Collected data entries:
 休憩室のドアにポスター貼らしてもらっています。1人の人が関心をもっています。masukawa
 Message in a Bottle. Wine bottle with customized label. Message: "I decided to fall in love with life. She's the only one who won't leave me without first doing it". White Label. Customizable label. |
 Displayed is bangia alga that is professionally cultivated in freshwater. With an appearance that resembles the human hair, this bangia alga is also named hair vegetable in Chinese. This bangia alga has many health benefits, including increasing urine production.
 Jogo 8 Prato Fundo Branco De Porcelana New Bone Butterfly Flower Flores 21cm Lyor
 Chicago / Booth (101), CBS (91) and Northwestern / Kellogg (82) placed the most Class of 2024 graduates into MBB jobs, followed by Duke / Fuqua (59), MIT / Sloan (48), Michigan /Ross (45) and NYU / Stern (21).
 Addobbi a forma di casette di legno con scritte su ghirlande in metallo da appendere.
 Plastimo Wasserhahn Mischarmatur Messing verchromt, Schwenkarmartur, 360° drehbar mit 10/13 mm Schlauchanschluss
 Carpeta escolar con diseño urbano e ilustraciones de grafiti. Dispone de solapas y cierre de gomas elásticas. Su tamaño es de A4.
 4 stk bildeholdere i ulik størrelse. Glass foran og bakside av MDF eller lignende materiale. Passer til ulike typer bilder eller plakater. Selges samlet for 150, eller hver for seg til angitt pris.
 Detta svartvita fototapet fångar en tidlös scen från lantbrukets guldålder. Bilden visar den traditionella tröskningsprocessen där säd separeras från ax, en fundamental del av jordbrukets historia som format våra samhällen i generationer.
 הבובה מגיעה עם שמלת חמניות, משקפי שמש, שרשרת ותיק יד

--

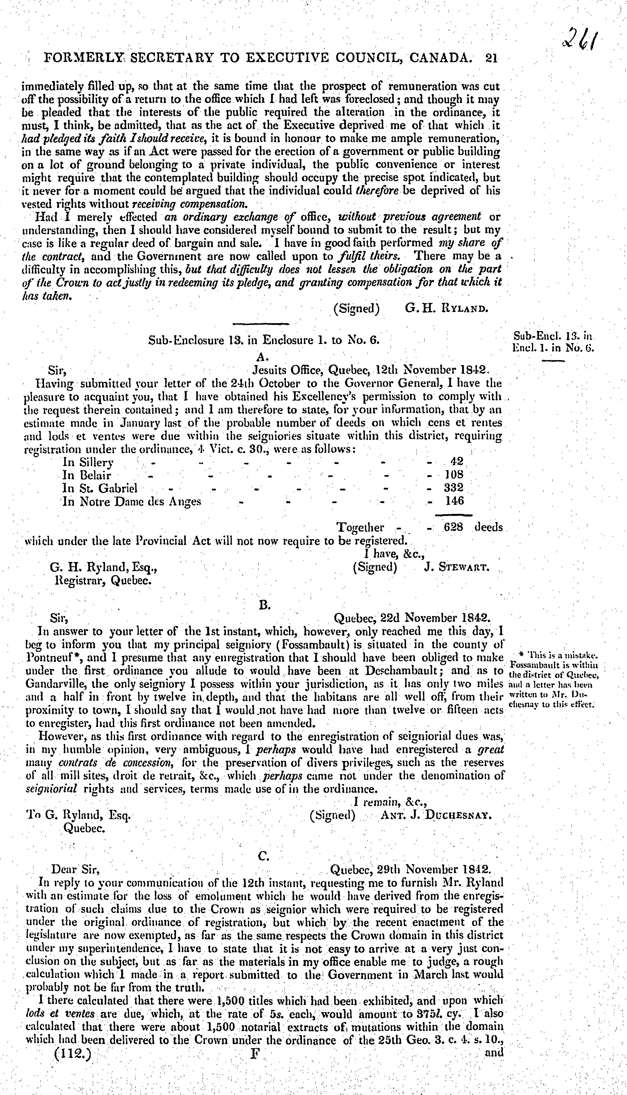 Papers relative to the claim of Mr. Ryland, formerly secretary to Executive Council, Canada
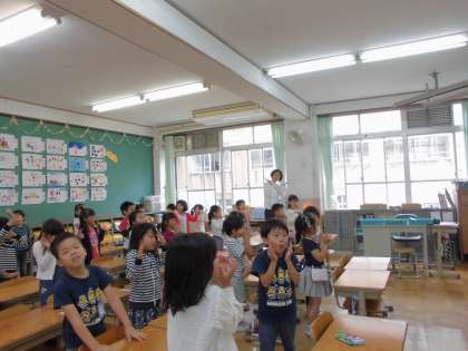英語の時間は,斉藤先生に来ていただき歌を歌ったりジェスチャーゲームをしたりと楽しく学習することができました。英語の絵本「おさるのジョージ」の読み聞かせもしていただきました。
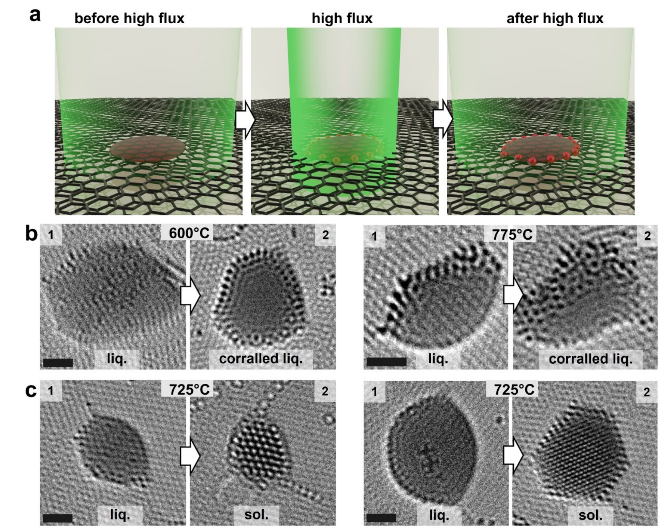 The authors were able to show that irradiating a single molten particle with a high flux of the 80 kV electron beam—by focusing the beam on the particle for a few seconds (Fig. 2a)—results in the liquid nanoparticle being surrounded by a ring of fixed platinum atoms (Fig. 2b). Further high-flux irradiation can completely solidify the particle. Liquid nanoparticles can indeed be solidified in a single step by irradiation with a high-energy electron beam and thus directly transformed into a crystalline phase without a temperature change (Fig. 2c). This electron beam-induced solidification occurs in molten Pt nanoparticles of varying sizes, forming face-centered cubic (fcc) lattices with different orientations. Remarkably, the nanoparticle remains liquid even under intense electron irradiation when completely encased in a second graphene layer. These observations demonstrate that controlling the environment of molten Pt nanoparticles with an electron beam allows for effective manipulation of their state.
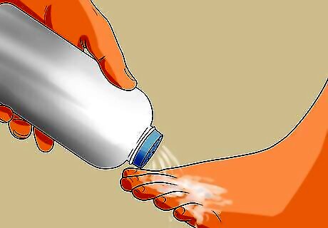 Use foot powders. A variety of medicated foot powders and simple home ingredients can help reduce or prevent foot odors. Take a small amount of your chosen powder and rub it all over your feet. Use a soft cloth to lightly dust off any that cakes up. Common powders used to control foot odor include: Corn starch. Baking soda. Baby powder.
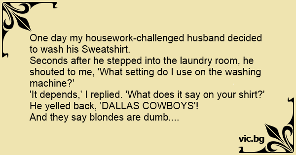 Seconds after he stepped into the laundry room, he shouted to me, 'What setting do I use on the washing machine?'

▶ _What you have to do_: Write out exactly the lines that fall from the line with "Plastimo Wasserhahn Mischarmatur" to the line with "הבובה מגיעה עם" in the records above, keeping both ends.

▶ _Solution_:
 Plastimo Wasserhahn Mischarmatur Messing verchromt, Schwenkarmartur, 360° drehbar mit 10/13 mm Schlauchanschluss
 Carpeta escolar con diseño urbano e ilustraciones de grafiti. Dispone de solapas y cierre de gomas elásticas. Su tamaño es de A4.
 4 stk bildeholdere i ulik størrelse. Glass foran og bakside av MDF eller lignende materiale. Passer til ulike typer bilder eller plakater. Selges samlet for 150, eller hver for seg til angitt pris.
 Detta svartvita fototapet fångar en tidlös scen från lantbrukets guldålder. Bilden visar den traditionella tröskningsprocessen där säd separeras från ax, en fundamental del av jordbrukets historia som format våra samhällen i generationer.
 הבובה מגיעה עם שמלת חמניות, משקפי שמש, שרשרת ותיק יד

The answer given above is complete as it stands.